By Devin Miles, ND and Elizabeth Sutherland, ND

Emerging research highlights TUDCA’s potential to reduce neuroinflammation, prevent cell death, and mitigate the effects of metabolic dysfunction in neurodegenerative diseases such as Alzheimer’s, Parkinson’s, and multiple sclerosis.

Tauroursodeoxycholic acid (TUDCA), a hydrophilic bile acid, is gaining attention for its neuroprotective properties. This article explores TUDCA’s mechanisms of action, including its ability to reduce endoplasmic reticulum stress, inhibit apoptosis, and cross the blood-brain barrier, offering potential therapeutic benefits for neurodegenerative conditions.

Tauroursodeoxycholic acid (TUDCA) is one of the most hydrophilic bile acids.¹ It is synthesized in hepatocytes by the conjugation of ursodeoxycholic acid (UDCA) with the amino acid taurine. UDCA, which is made by gut bacteria, is FDA-approved in the United States for the treatment of certain cholestatic liver diseases. 
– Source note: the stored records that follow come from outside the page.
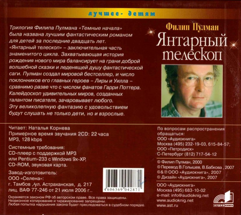 Трилогия Филипа Пулмана "Темные начала" была названа лучшим фантастическим романом для детей за последние двадцать лет. "Янтарный телескоп" - заключительная часть знаменитого цикла. Захватывающая история рождения нового мира балансирует на грани доброй волшебной сказки и леденящей душу фантастической саги. Пулман создал мировой бестселлер, и число поклонников его главных героев - Лиры и Уилла - сравнимо разве что с числом фанатов Гарри Поттера. Калейдоскоп удивительных миров, созданных талантом писателя, зачаровывает любого. Эту великолепную фантазию с удовольствием будут слушать не только дети, но и взрослые.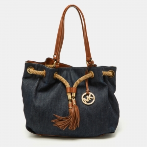 MICHAEL Michael Kors Navy Blue/Brown Denim and Leather Marina Drawstring Bucket Bag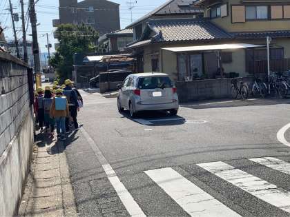 ※市バス22号が通過する十字路付近の横断歩道は、「見守り隊=緑のおじちゃん」が見守ってくれています!いつもありがとうございます(o^−^o)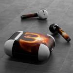 iStyles Apple AirPods Skin design of Light, Atmosphere, Orange, Space, Heat, Sky, Darkness, Art, Geological phenomenon, Universe, with black, red, green, pink colors, and tagged with flames, fantasy.

Humans make TUDCA to some extent, but it is found in copious amounts in the bile of bears. It’s fascinating, therefore, to note that bear bile has been used therapeutically in Chinese Medicine for centuries.

TUDCA is classified as a chemical chaperone.² Chemical chaperones are naturally occurring substances that are able to correct inappropriately localized or aggregated proteins in the endoplasmic reticulum (ER) by stabilizing a protein’s structure and facilitating its folding process.³ If this process becomes deranged, as can happen during oxidative stress, it signals an ER stress response, which is associated with reduced protein synthesis, malfunction of the unfolded protein response, and, finally, cell death.⁴ TUDCA attenuates the ER stress response, inhibits cell death, and preserves cellular function.⁵

Brachial artery flow-mediated dilation (FMD) was measured at baseline, and at 60 and 120 min after an oral glucose challenge in 12 young healthy subjects (seven men, five women). Subjects were tested twice after oral ingestion of TUDCA or placebo capsules. FMD was reduced from baseline during hyperglycemia under placebo (-32% at 60 min and -28% at 120 min post oral glucose load; P<0.05 from baseline) but not with TUDCA ingestion (-4% at 60 min and +0.3% at 120 min post oral glucose load; P>0.05 from baseline). Thus, postprandial hyperglycemia may cause endothelial dysfunction through ER stress, and hyperglycemia-induced endothelial dysfunction may be mitigated by TUDCA ingestion.⁶

Bile acids are an important aid to lipid absorption in the intestines,² and in regulating cholesterol homeostasis.⁷ Cholesterol and related lipid molecules are critical components of myelin, and neuronal and glial cell membranes.^8,9

Given that bile acids play a key role in regulating lipid and glucose metabolism,¹⁰ and that epidemiological studies have identified metabolic syndrome as an independent risk factor for neurodegenerative disorders, the signaling pathways of bile acids, such as TUDCA, are being studied for their therapeutic potential.¹

Studies are pointing to the possibility that neurodegenerative diseases may also originate from early life movements and trauma, as well as worsening with age. Neurological dysfunction occurring during middle-aged and elderly years can significantly decrease quality of life. With Alzheimer’s disease (AD) expected to continue with a rise in life expectancy, there is a pressing need to find effective treatments.¹¹ Furthermore, evidence continues to support a strong correlation between metabolic disorders and AD. Disturbances in insulin resistance and lipid metabolism are considered potential risk factors for AD.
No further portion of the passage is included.